[[ AVAILABLE DATA, beginning ]]

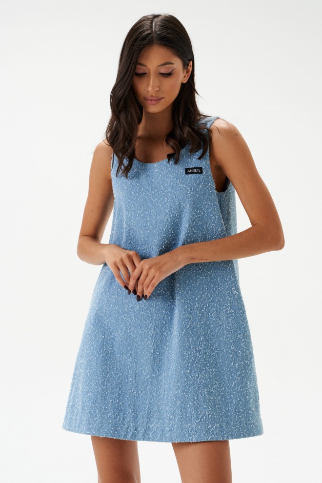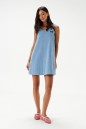 Платье в крое - трапеция, выполнено из джинса с эффектом потретости. Горловина овальная. В боковых швах потайные карманы. По центру спинки расположен шов.Длина по спинке 76 см
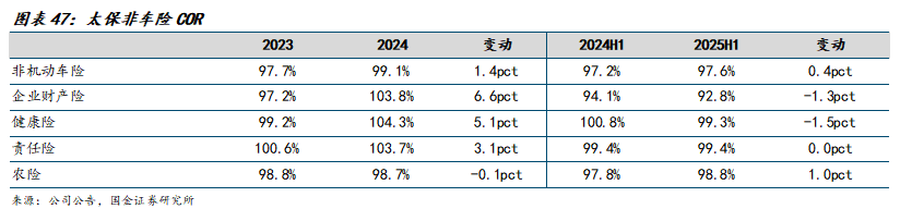 受大灾及个人信用保证保险影响COR同比抬升,“报行合一”政策推进预计将改善。2024、2025H1公司非车险COR分别同比+1.4pct、+0.4pct,分别受大灾及个人信用保证保险赔付增加影响,其中2025H1在剔除个人信保险业务影响后,COR同比-2.3pct至94.8%,盈利基本盘良好。展望后续,预计COR将逐年改善,一是个人信用保证保险影响预计在2026年出清,二是非车险“报行合一”在2026年全面落地,有望带来费用大幅改善。
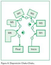 Chaku-Chaku es una disposición en planta de los medios productivos en forma de U o herradura, (figura 8). Es la disposición ideal para reducir los movimientos de los operarios y para racionalizar el flujo de materiales durante su proceso de fabricación.
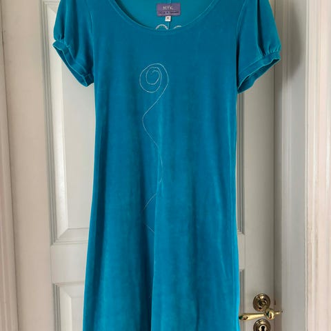 Har strikk i toppen, ved ermene og i livet. Pent til høye bukser og skjørt. 90 prosent bomull, resten elastan.
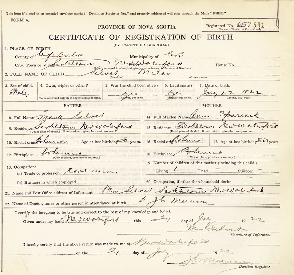 21. Name and Post Office address of Informant Mrs Selvet Scotchtown, New Waterford
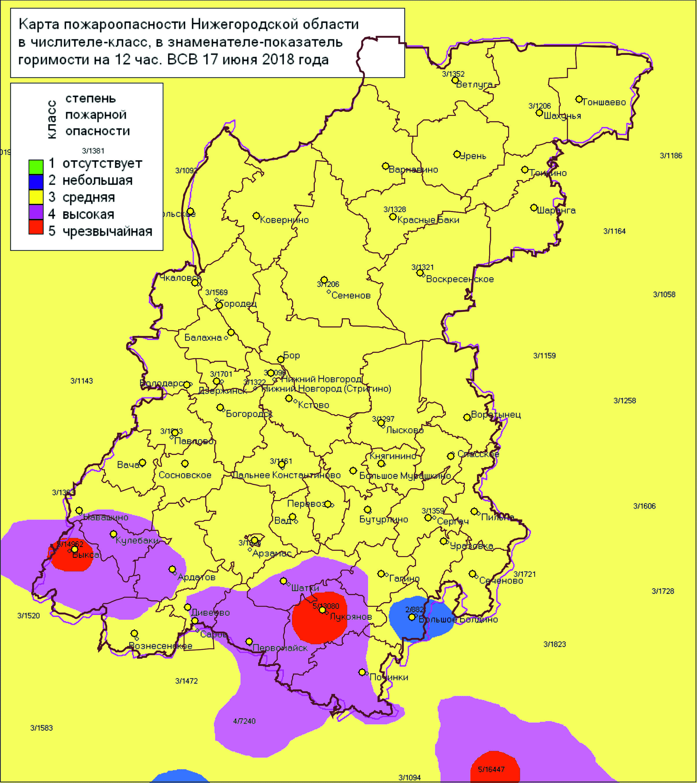 Полностью 3-й класс пожароопасности лесов установился в 39 муниципальных образованиях: г.о. г. Арзамас, г.о. г. Бор, г.о. г. Дзержинск, г.о. г. Нижний Новгород, г.о. Перевозский, г.о. Семеновский, г.о. Сокольский, г.о. г. Чкаловск, г.о. г. Шахунья, Арзамасский, Балахнинский, Богородский, Большемурашкинский, Бутурлинский, Вадский, Варнавинский, Вачский, Ветлужский, Володарский, Воротынский, Воскресенский, Городецкий, Дальнеконстантиновский, Княгининский, Ковернинский, Краснобаковский, Краснооктябрьский, Кстовский, Лысковский, Павловский, Пильнинский, Сергачский, Сеченовский, Сосновский, Спасский, Тонкинский, Тоншаевский, Уренский, Шарангский районы.
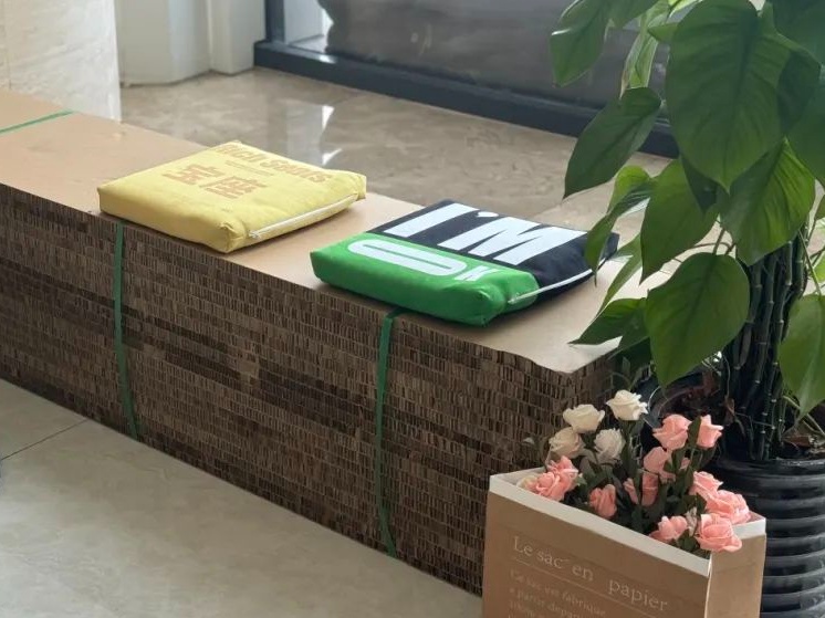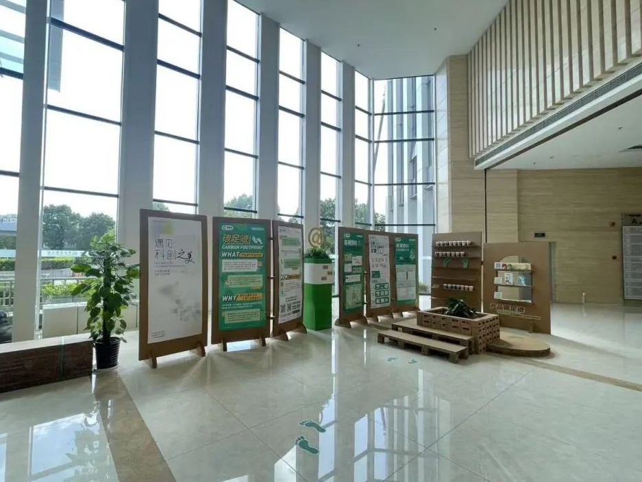 为了拓宽美育路径、创新美育载体,推动文化艺术与城市治理深度交融,让上班族和市民群众近距离感受现代艺术的魅力,淞南镇社区文化活动中心联合上海移动互联网创新园,以“遇见科创之美”为主题,在逸仙路2816号华滋奔腾大厦一楼北侧打造了一处开放式艺术空间暨淞南镇“一墙美术馆”。展览空间约80平方米,展线常规长度约150米,整体设计注重简约扁平,以减少资源和能源浪费,主要使用可循环利用的瓦楞纸制作而成的各种展陈用品,通过创意设计和手工制作,将它们变成了展台、桌椅、纸箱、盆栽器皿、摆件展柜等。
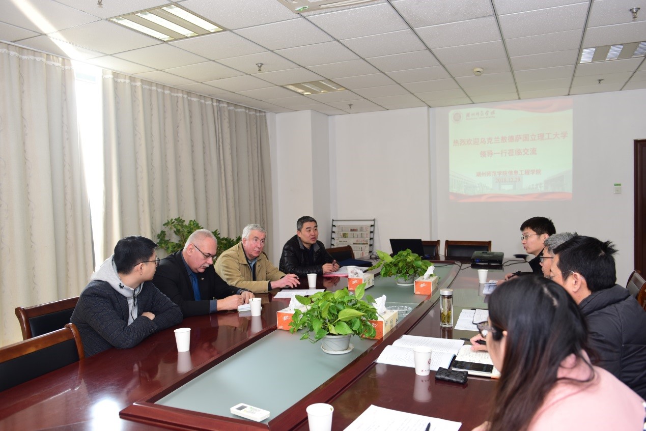 12月29日下午,乌克兰敖德萨国立理工大学得雷维扬琴科·亚历山大·乔治耶维奇教授和西多连科·伊戈尔·伊万诺维奇教授一行来我院考察交流,会议由优米直播视频副院长(主持工作)胡文军主持,副院长潘建新、副院长黄旭以及相关老师参加此次考察交流座谈会。
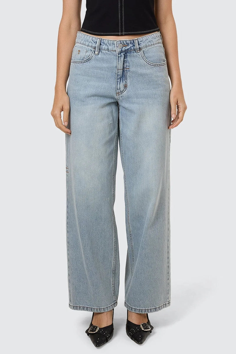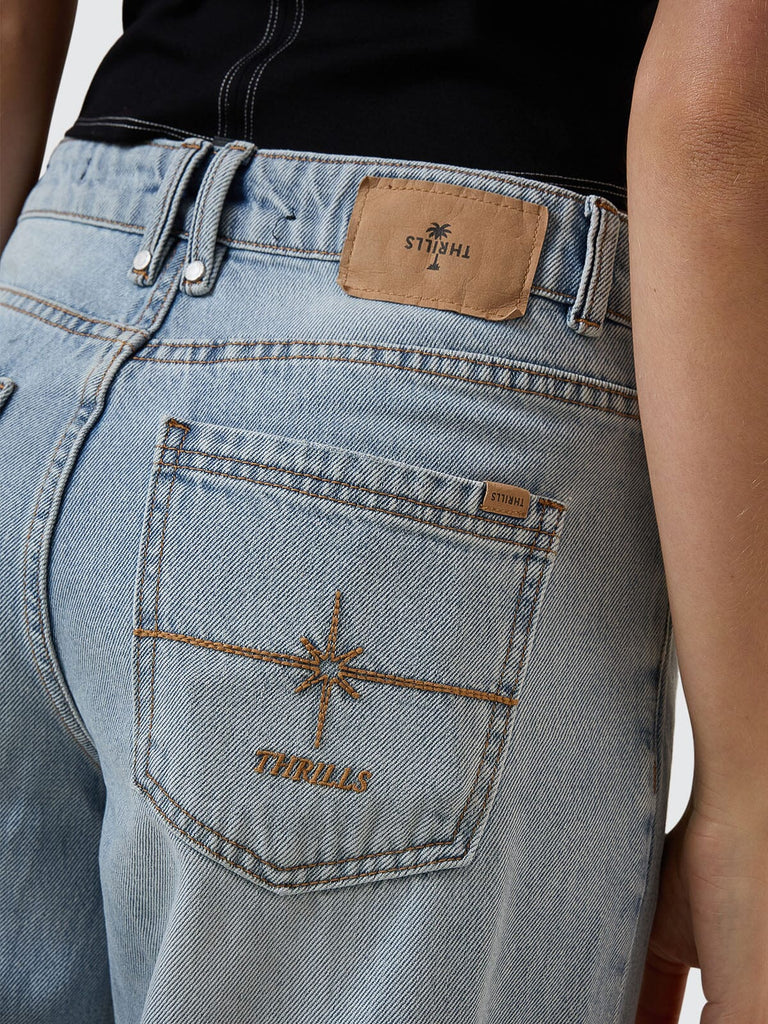 Feel-good denim with throwback attitude, the Dopamine Billie Low Jean in Dusk transforms your timeless favourites into fresh Australian women's clothing must-haves. Made from premium cotton denim, these relaxed-fit pants sit low on the hips with a loose leg, classic 5-pocket styling and intricate embroidery details. Part of the iconic Thrills pants range, this one's all about ease, comfort, and street-ready style. Pair with your favourite 2000s vintage tees for an effortless, laidback look.
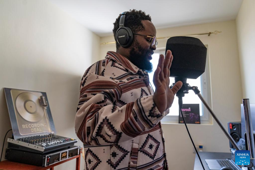 Fanuel Mulwa pratica canto em casa, no condado de Kajiado, Quênia, em 16 de janeiro de 2026. (Xinhua/Xie Jianfei)
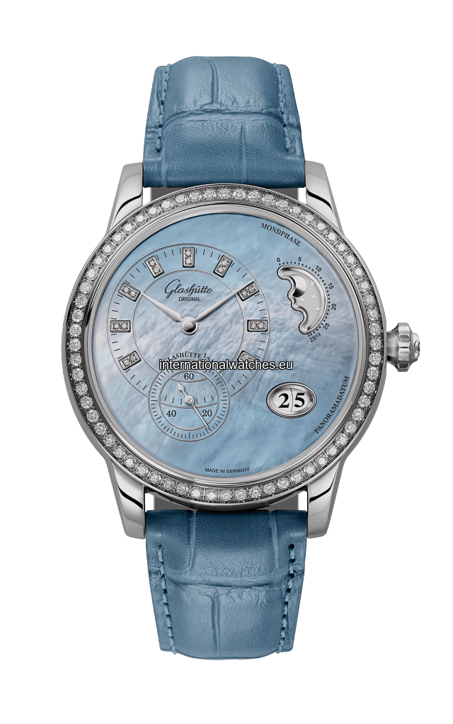 The PanoMatic Luna in blue with moon phase: an asymmetrical, sparkling & sophisticated ladies’ watch. Stainless steel, diamond bezel, mother-of-pearl dial.
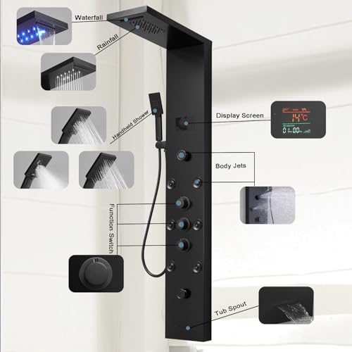?Multi-Function Shower System?The shower panel including rainfall waterfall shower head,2 different body massage spray jets,3 functions handheld shower head and tub spout.large shower head can covers you without turning around;body massage spray jets and handheld shower can wash away a day's fatigue and get you relaxed,tub spout can quickly fill your tub with water
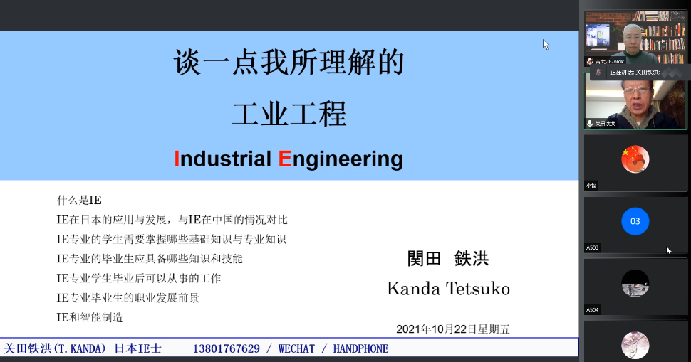 为了进一步加强js33333金沙线路检测学风建设,增强对学生的专业引导,培养学生的专业认同感与专业兴趣,积极营造良好的学习氛围。10月22日晚,js33333金沙线路检测邀请工业工程学科专家关田铁洪教授做了题为《我所理解的工业工程》专业讲座,讲座由js33333金沙线路检测工业工程系主任孔繁森教授线上主持,js33333金沙线路检测学生工作副书记兼副院长马艳秋、工业工程系邬佳琪老师组织全院200多名工业工程专业及对工业工程专业感兴趣的学生线上线下收看了讲座。
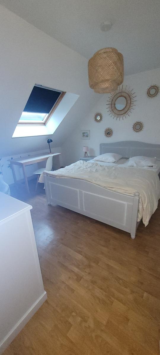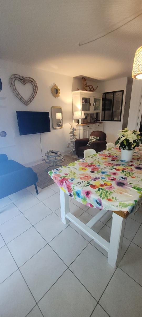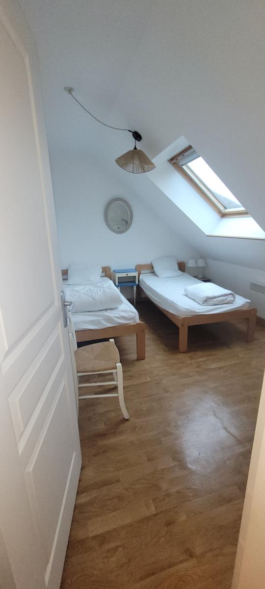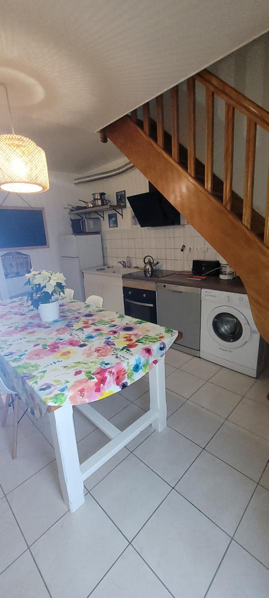 Charmante petite maison mitoyenne, de 46 m², dans le bourg, comprenant une pièce de vie / cuisine équipée, wc, salle d'eau. A l'étage : 2 chambres mansardées, wc. Courette, abri de jardin commun.

[[ AVAILABLE DATA, end ]]

▶ INSTRUCTIONS FOR THE TASK: Reproduce the data above exactly, but only the lines from the one showing "受大灾及个人信用保证保险影响" through the one showing "21. Name and", with both ends kept and the pictures left out.

▶ FINISHED EXERCISE:
 受大灾及个人信用保证保险影响COR同比抬升,“报行合一”政策推进预计将改善。2024、2025H1公司非车险COR分别同比+1.4pct、+0.4pct,分别受大灾及个人信用保证保险赔付增加影响,其中2025H1在剔除个人信保险业务影响后,COR同比-2.3pct至94.8%,盈利基本盘良好。展望后续,预计COR将逐年改善,一是个人信用保证保险影响预计在2026年出清,二是非车险“报行合一”在2026年全面落地,有望带来费用大幅改善。
 Chaku-Chaku es una disposición en planta de los medios productivos en forma de U o herradura, (figura 8). Es la disposición ideal para reducir los movimientos de los operarios y para racionalizar el flujo de materiales durante su proceso de fabricación.
 Har strikk i toppen, ved ermene og i livet. Pent til høye bukser og skjørt. 90 prosent bomull, resten elastan.
 21. Name and Post Office address of Informant Mrs Selvet Scotchtown, New Waterford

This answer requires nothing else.